Your objective. Output each entry verbatim and exclude every picture from it.

[[ Supplied records open ]]

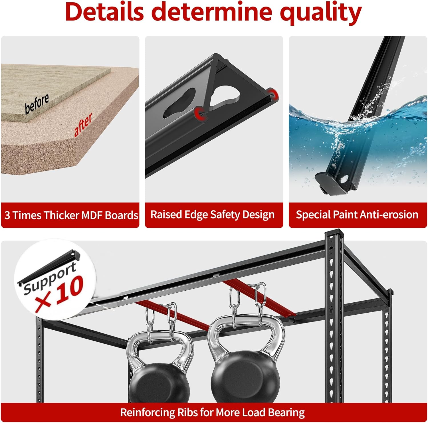 - γ3000LBS Capacity & 10 Support Ribs Garage ShelvingγGarage shelving is made of heavy duty metal. We have 2 support rods under each layer of MDF for this storage shelves, which can further increase the load bearing to meet ur needs for placing heavy objects. The thickened single-layer load-bearing capacity 600LBS and the total load-bearing capacity of 3000LBS. It is suitable for garage, workplaces, living room, kitchen, to store camping equipment, tools, kitchen supplies
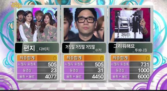 한편 이날 '쇼 음악중심'에는 미쓰에이, 이적, 효린, 트러블메이커, 윤한, FT아일랜드, 노을, 산이, 다비치, 빅스, MIB, 신지훈, 테이스티, 에이젝스, 대국남아, 히스토리 등이 출연했다.
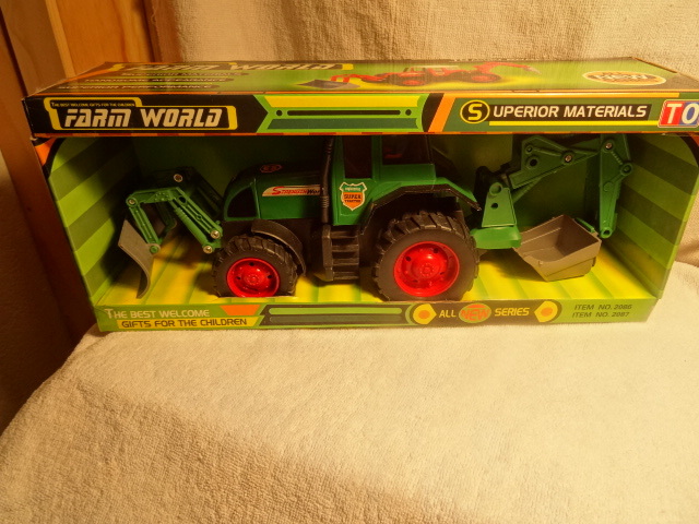 Neuer Ungebrauchter Traktor mit Schneeraum Schild und Heckbagger/ Masse in ca.: zusammen gelegt 37cm Höhe 15cm Tiefe 11cm / In OVP / Schild – Heckbagger bewegbar / aus stabilem Kunststoff / nicht geeignet für Kinder unter 3 Jahren / Marke Farm World / Made in China
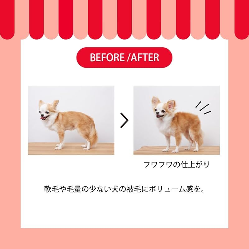 【健康的なボリューム感】軟毛や毛量の少ない犬の被毛に、植物性アミノ酸と天然キトサン、マンゴー種子バター、カカドゥプラムなどを配合し、健康的なボリューム感を実現しました。被毛にハリ・コシ・弾力を与え、しっかりと立ち上がったふんわりとした仕上がりです。プードルのようなカーリーコートから、テリアなどのワイヤーコートの犬種にオススメ。
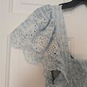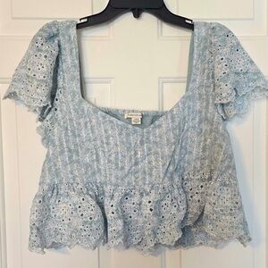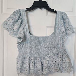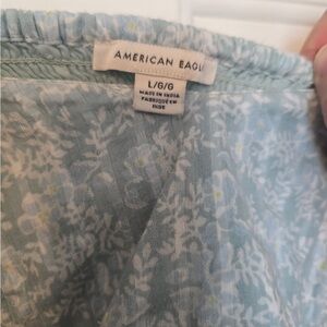 American Eagle Woman’s Eyelet Crop Top Large Floral Blue Green Sweetheart Neck
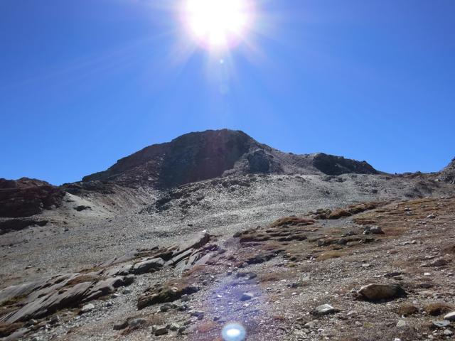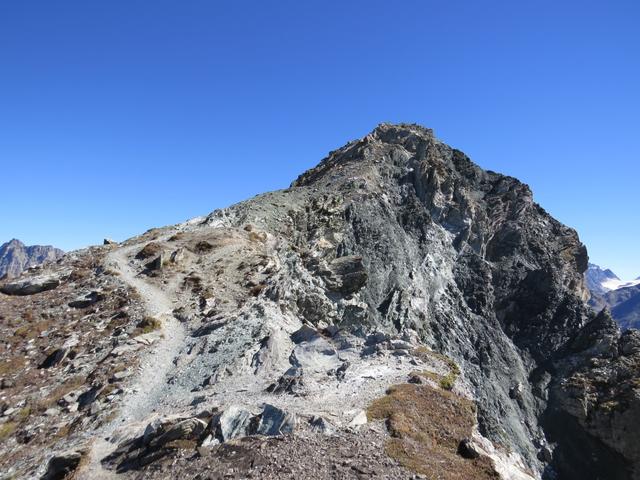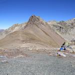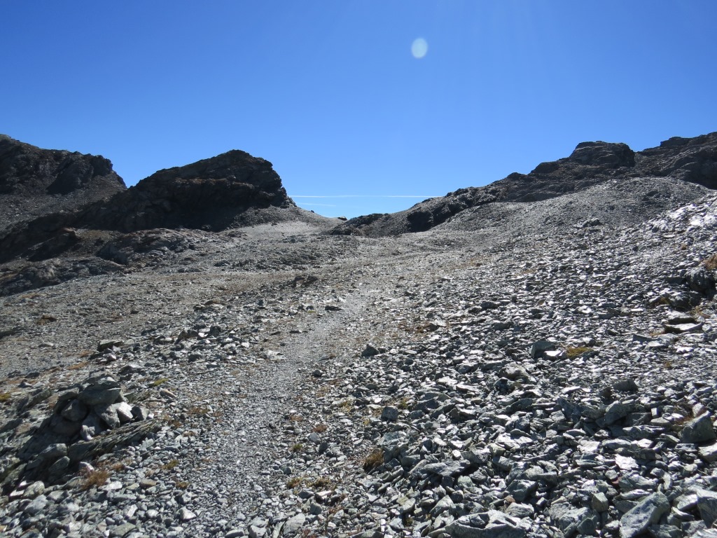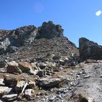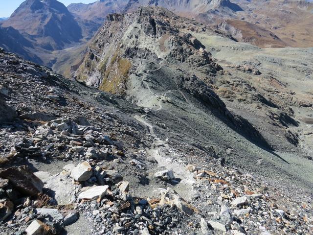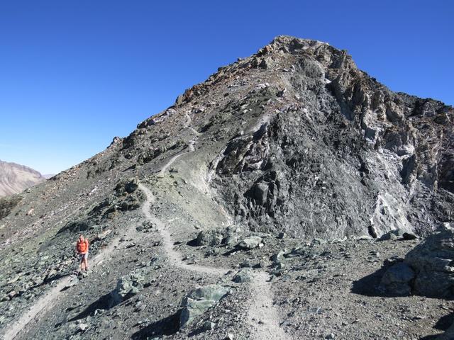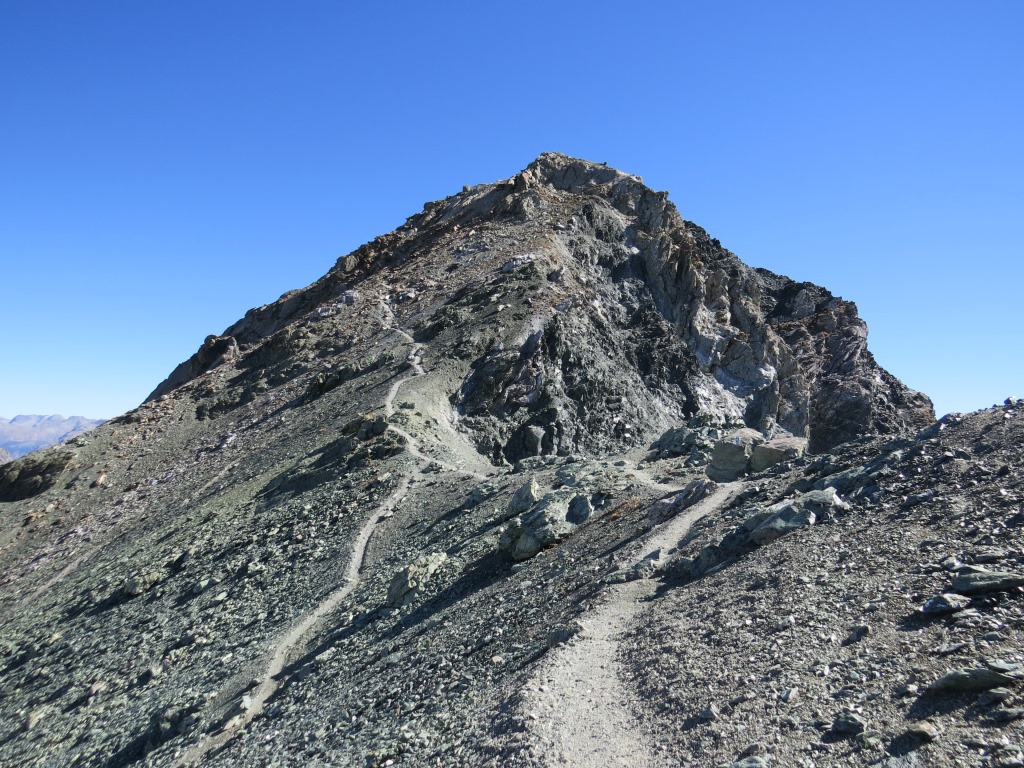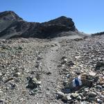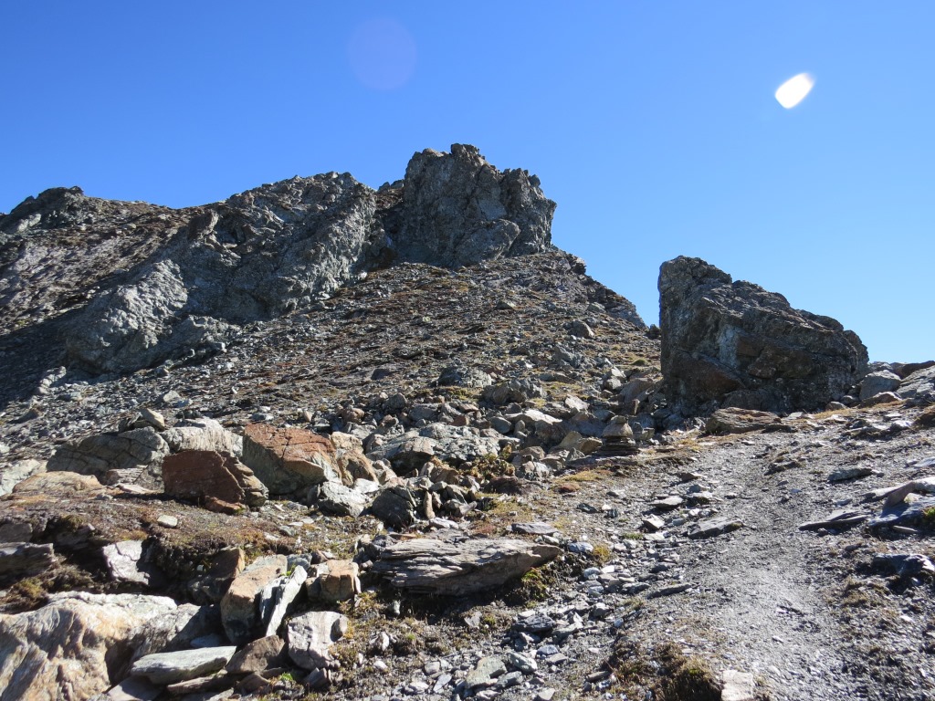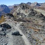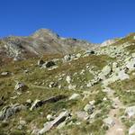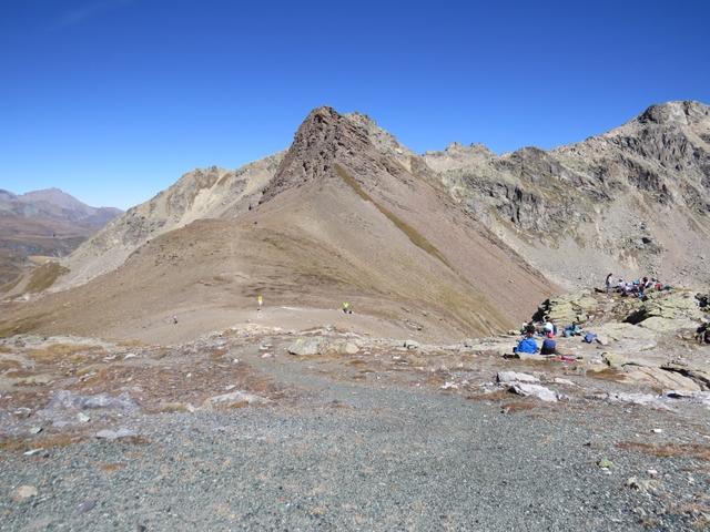 vom Pass aus ist der Pfad auf dem Gipfel des Piz Lunghin bereits sichtbar,...
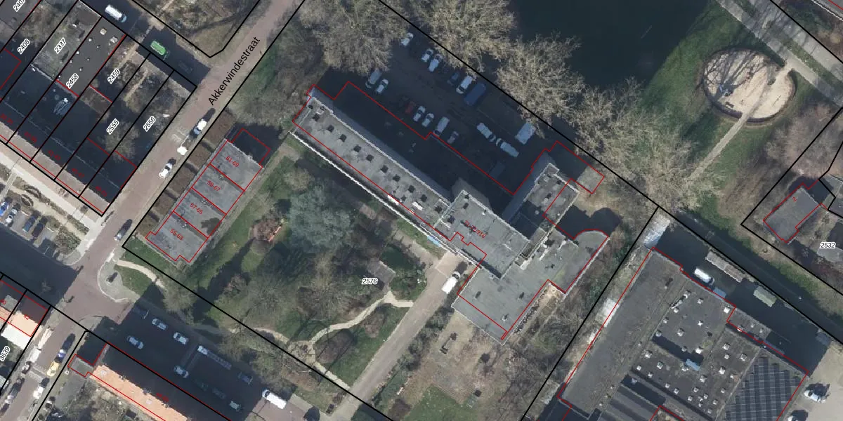 Het perceel waarop Akkerwindestraat 71-501 staat heeft een oppervlakte van 7960 m². Dit is een zeer groot perceel. De perceeloppervlakte wordt geregistreerd door het Kadaster. Gedetailleerde informatie over de maten van dit perceel kunt u vinden in het rapport Kadastrale kaart met maatvoering van Akkerwindestraat 71-501.
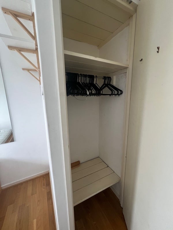 The room is small and doesn’t have much storage space, but there is a spacious wardrobe in the hallway which can be used as a second closet if needed. There is also further storage space throughout the house. It's south facing so gets lots of light during the day.
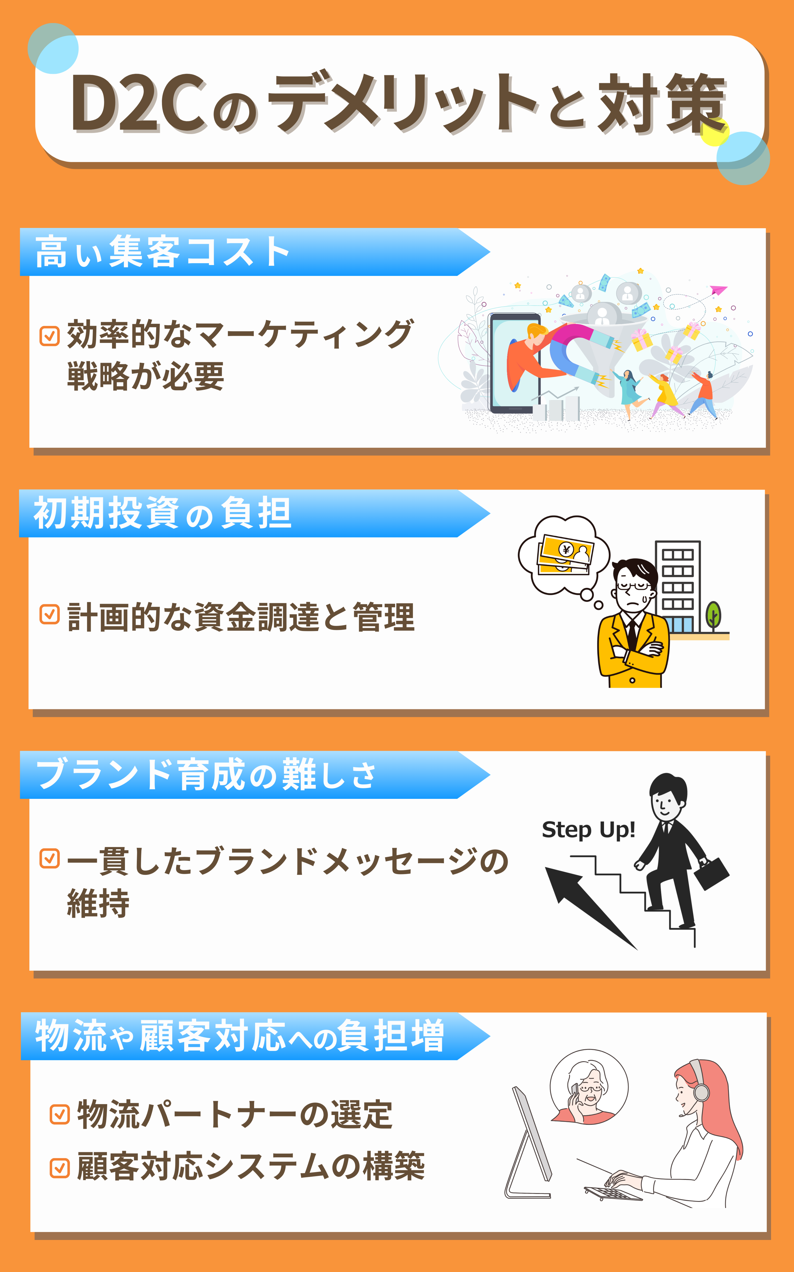 直接顧客に商品を届けるD2Cは多くのメリットがある一方で、以下のようなデメリットも存在します。

[[ Supplied records closed ]]

Expected answer.
 - γ3000LBS Capacity & 10 Support Ribs Garage ShelvingγGarage shelving is made of heavy duty metal. We have 2 support rods under each layer of MDF for this storage shelves, which can further increase the load bearing to meet ur needs for placing heavy objects. The thickened single-layer load-bearing capacity 600LBS and the total load-bearing capacity of 3000LBS. It is suitable for garage, workplaces, living room, kitchen, to store camping equipment, tools, kitchen supplies
 한편 이날 '쇼 음악중심'에는 미쓰에이, 이적, 효린, 트러블메이커, 윤한, FT아일랜드, 노을, 산이, 다비치, 빅스, MIB, 신지훈, 테이스티, 에이젝스, 대국남아, 히스토리 등이 출연했다.
 Neuer Ungebrauchter Traktor mit Schneeraum Schild und Heckbagger/ Masse in ca.: zusammen gelegt 37cm Höhe 15cm Tiefe 11cm / In OVP / Schild – Heckbagger bewegbar / aus stabilem Kunststoff / nicht geeignet für Kinder unter 3 Jahren / Marke Farm World / Made in China
 【健康的なボリューム感】軟毛や毛量の少ない犬の被毛に、植物性アミノ酸と天然キトサン、マンゴー種子バター、カカドゥプラムなどを配合し、健康的なボリューム感を実現しました。被毛にハリ・コシ・弾力を与え、しっかりと立ち上がったふんわりとした仕上がりです。プードルのようなカーリーコートから、テリアなどのワイヤーコートの犬種にオススメ。
 American Eagle Woman’s Eyelet Crop Top Large Floral Blue Green Sweetheart Neck
 vom Pass aus ist der Pfad auf dem Gipfel des Piz Lunghin bereits sichtbar,...
 Het perceel waarop Akkerwindestraat 71-501 staat heeft een oppervlakte van 7960 m². Dit is een zeer groot perceel. De perceeloppervlakte wordt geregistreerd door het Kadaster. Gedetailleerde informatie over de maten van dit perceel kunt u vinden in het rapport Kadastrale kaart met maatvoering van Akkerwindestraat 71-501.
 The room is small and doesn’t have much storage space, but there is a spacious wardrobe in the hallway which can be used as a second closet if needed. There is also further storage space throughout the house. It's south facing so gets lots of light during the day.
 直接顧客に商品を届けるD2Cは多くのメリットがある一方で、以下のようなデメリットも存在します。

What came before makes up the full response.